Анжольрас подумал немного и вскинул голову с видом человека, который принял решение:

— Грантер! — сказал он значительно, — Я согласен испытать тебя. Отправляйся к Менской заставе.

Грантер жил в меблированных комнатах рядом с кафе «Мюзен». Он ушел н вернулся через пять минут. Он побывал дома, чтобы надеть жилет во вкусе эпохи Робеспьера.

— Красный, — сказал он, входя и пристально глядя на Анжольраса.

Энергичным жестом он прижал обе руки к пунцовым отворотам жилета.

Подойдя к Анжольрасу, он шепнул ему на ухо:

— Не беспокойся.

Затем решительно нахлобучил шляпу и удалился. Четверть часа спустя дальняя комната в кафе «Мюзен» была пуста. Все Друзья азбуки разошлись по своим делам. Анжольрас, взявший на себя Кугурду, вышел последним.

Члены Кугурды из Экса, находившиеся в Париже, собирались тогда в долине Исси, в одной из заброшенных каменоломен, многочисленных по эту сторону Сены.
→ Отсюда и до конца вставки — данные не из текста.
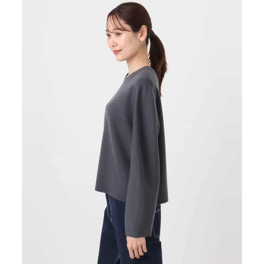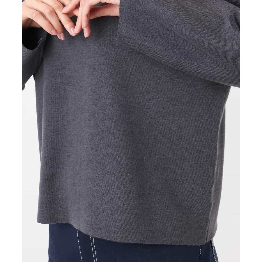 ツルっとしたきれいな表面感とふくらみが特徴のスムース編みのニット素材を使用。ウール混で長い季節楽しめる素材です。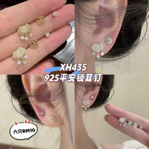 XH435 925平安锁耳钉(6只)

Анжольрас, шагая к месту встречи, обдумывал положение вещей. Серьезность того, что происходило, была очевидна. Когда события, предвестники некоей скрытой общественной болезни, развиваются медленно, малейшее осложнение останавливает их и запутывает. Вот где причина развала и возрождения. Анжольрас прозревал блистательное восстание под темным покровом будущего. Кто знает? Быть может, эта минута приближается. Народ, снова завоевывающий свои права! Какое прекрасное зрелище! Революция снова величественно завладевает Францией, вещая миру: «Продолжение завтра». Анжольрас был доволен. Горнило дышало жаром. За Анжольрасом тянулась длинная пороховая дорожка — его друзья, рассеянные по всему Парижу. Мысленно он соединял философское проникновенное красноречие Комбефера с восторженностью Фейи — этого гражданина мира, с пылом Курфейрака, смехом Баореля, грустью Жана Прувера, ученостью Жоли, сарказмами Боссюэ, — все вместе производило что-то вроде потрескивания, всюду и одновременно сопровождающееся электрическими искрами. Все за работой. Результат, без сомнения, будет достоин затраченных усилий. Это хорошо. И тут он вспомнил о Грантере. «Собственно говоря, Менская застава мне почти по дороге, — сказал он себе. — Не пойти ли мне к Ришфе? Посмотрим, что делает Грантер и чего он успел добиться».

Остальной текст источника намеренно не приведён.